The government of Indonesia has officially launched its new sovereign wealth fund, Daya Anagata Nusantara Indonesia (Danantara Indonesia), with a massive US$20 billion earmarked for its initial investment phase.

President Prabowo Subianto unveiled the fund, also known as Danantara Indonesia, at a formal ceremony.

According to a Reuters report, Danantara aims to boost Indonesia’s economic growth from approximately 5 per cent to 8 per cent through strategic investments.

Danantara Indonesia is designed to manage over US$900 billion in assets to stimulate development within Southeast Asia’s largest economy. It will operate independently from the Indonesia Investment Authority (INA), the country’s first sovereign wealth fund, which currently manages US$10.5 billion in assets with co-investors like the Dutch pension fund APG Asset Management and Abu Dhabi Investment Authority.

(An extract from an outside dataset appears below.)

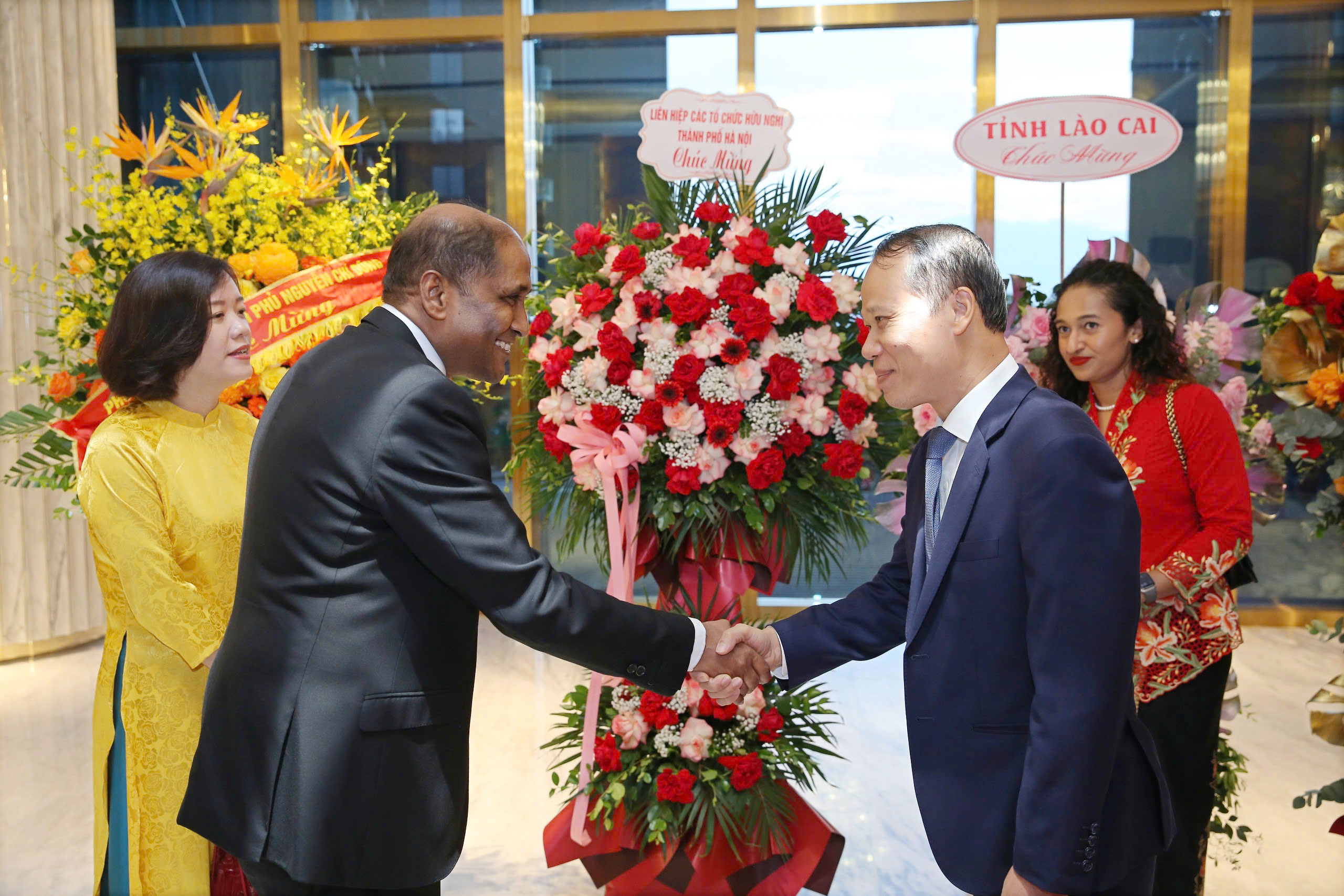 Standing Vice Chairman of the Provincial People's Committee Mai Son presents flowers to congratulate the Singapore Embassy in Hanoi.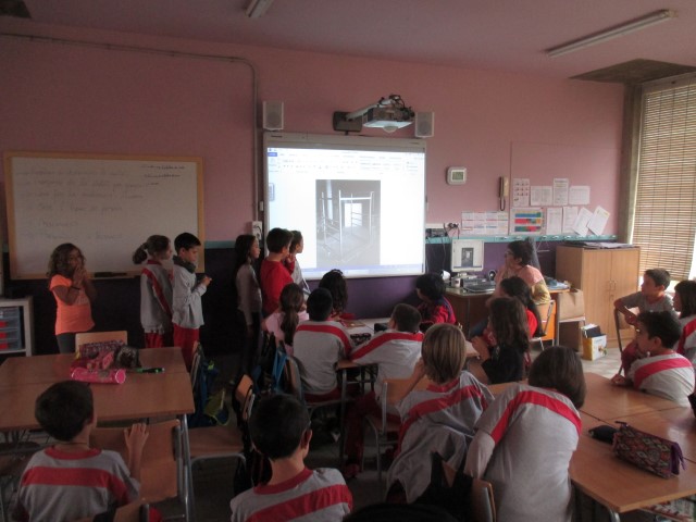 Cada grup va començar a investigar el seu tema i aquí van començar els problemes. Els de material van veure que no tenien prou informació per decidir. Els de la ubicació ja voltaven per Barcelona buscant el carrer Fontanella i se’n van adonar que havien perdut el temps, que no havien donat les ordres precises. Els de l’estructura no tenien prou estris per fer-se una idea de quines eren les dimensions d’aquella estructura (intervenien el volum i mesures de més d’un metre). Els únics que tiraven eren els que treballaven sobre la llum negra. Ens va sorprendre però cada grup va anar buscant les estratègies per sortir-se’n. Les mestres evidentment vam fer de guies, però no solucionant la situació sinó generant més preguntes perquè d’aquesta manera poguessin veure les errades i quines eren les modificacions que calia fer.

The fund will consist of two units: a holding company to oversee state-owned enterprises (SOEs) and an investment arm.

Also Read: Malaysian sovereign wealth fund Khazanah leads US$15.3M Series B round of PolicyStreet

A significant portion of Danantara’s initial investments will target technology and innovation. This includes:

Artificial intelligence development: Specific projects in AI are set to receive funding, signalling Indonesia’s ambition to become a key player in the AI landscape.

Metal processing: Investments in nickel, bauxite, and copper processing indicate a focus on leveraging Indonesia’s natural resources with advanced technologies.

Renewable energy: Renewable energy projects are included in the investment plan, highlighting a commitment to sustainable technology.

The fund will be led by Investment Minister Rosan Roeslani, formerly of Recapital Group, as Chief Executive. Pandu Sjahrir, from Indies Capital and AC Ventures, will head Danantara’s investment arm.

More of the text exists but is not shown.